W sobotę weszła w życie “Ustawa o obronie ojczyzny”. Co zawiera?
Najważniejsze zmiany to:
- wydatki na wojsko na poziomie 3 procent PKB
- nowe rodzaje służby wojskowej (dobrowolna zasadnicza służba wojskowa)
- zmiany w finansowaniu
- zmiany administracyjne
- zachęty finansowe do służby
- uelastycznienie systemu awansowania.
Tutaj jednak chciałabym skupić się na punkcie, który budzi chyba najwięcej kontrowersji, przynajmniej w moich kręgach. Mówię o zakazie opuszczania kraju przez kobiety bezdzietne.Oczywiście, w wypadku wojny.
Ustawa o obronie ojczyzny dyskryminuje bezdzietne?
Jak najbardziej zrozumiałe oburzenie wyrażają przede wszystkim kobiety, zwłaszcza te, które zadeklarowały bezdzietność z wyboru.
Rząd w razie wojny zabroni opuszczać kraj kobietom bezdzietnym. Mamy być mięsem armatnim i ofiarami gwałtów dla oprawców atakujących nasz kraj! Komentarze mężczyzn pod tekstem świadczą o tym, że kobiety bezdzietne znaczą mniej niż gówno! A oni wręcz są dumni i czerpią satysfakcję z naszego przyszłego cierpienia!
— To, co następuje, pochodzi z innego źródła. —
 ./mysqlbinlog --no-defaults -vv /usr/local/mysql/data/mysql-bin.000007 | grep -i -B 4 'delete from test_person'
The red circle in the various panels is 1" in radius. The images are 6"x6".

– postuje jedna z członkiń grup BzW.
Postanowiłam sprawdzić komentarze pod artykułami. Nie znalazłam komentarzy szkalujących bezdzietnych, na szczęście. Być może zostały pousuwane przez adminów.
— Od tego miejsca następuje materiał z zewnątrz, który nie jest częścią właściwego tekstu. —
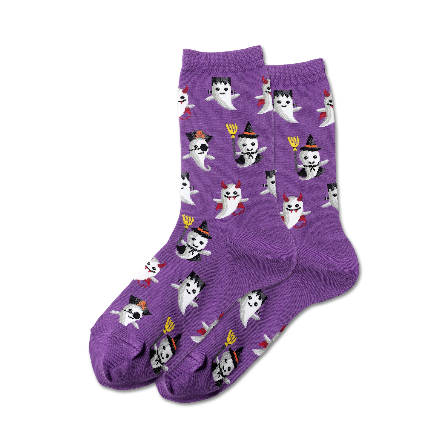 Haunt your feet with Costume Ghost Socks! These purple crew socks feature a playful pattern of white ghosts decked out in witch, devil, pirate, and vampire attire. Perfect for Halloween or any spooky occasion, these socks will ensure your feet have a haunting good time.

Większość komentujących zwraca uwagę na fakt, że odbierane jest prawo wyboru- zarówno kobietom, jak i mężczyznom.
(…)I znów okazuje się, że jako „bezdzietna lambadziara” jestem obywatelem tylko wtedy, gdy rządowi wygodnie. Nie jestem mężatką, więc muszę kombinować, by zabezpieczyć mojego partnera na wypadek śmierci i nie mogę korzystać ze wspólnego rozliczania. Nie mam dzieci, więc nie mam ulg i innych przywilejów. Prowadzę działalność, więc obrywam po d* przy każdej zmianie podatkowej. Jestem kobietą, więc nie mogę stanowić o swoim ciele, mimo tego, że ciąża zrobiłaby ze mnie osobę niepełnosprawną. A teraz się jeszcze okazuje, że w sytuacji wojny nie mogłabym wyjechać za granicę, by wspierać moją rodzinę (…)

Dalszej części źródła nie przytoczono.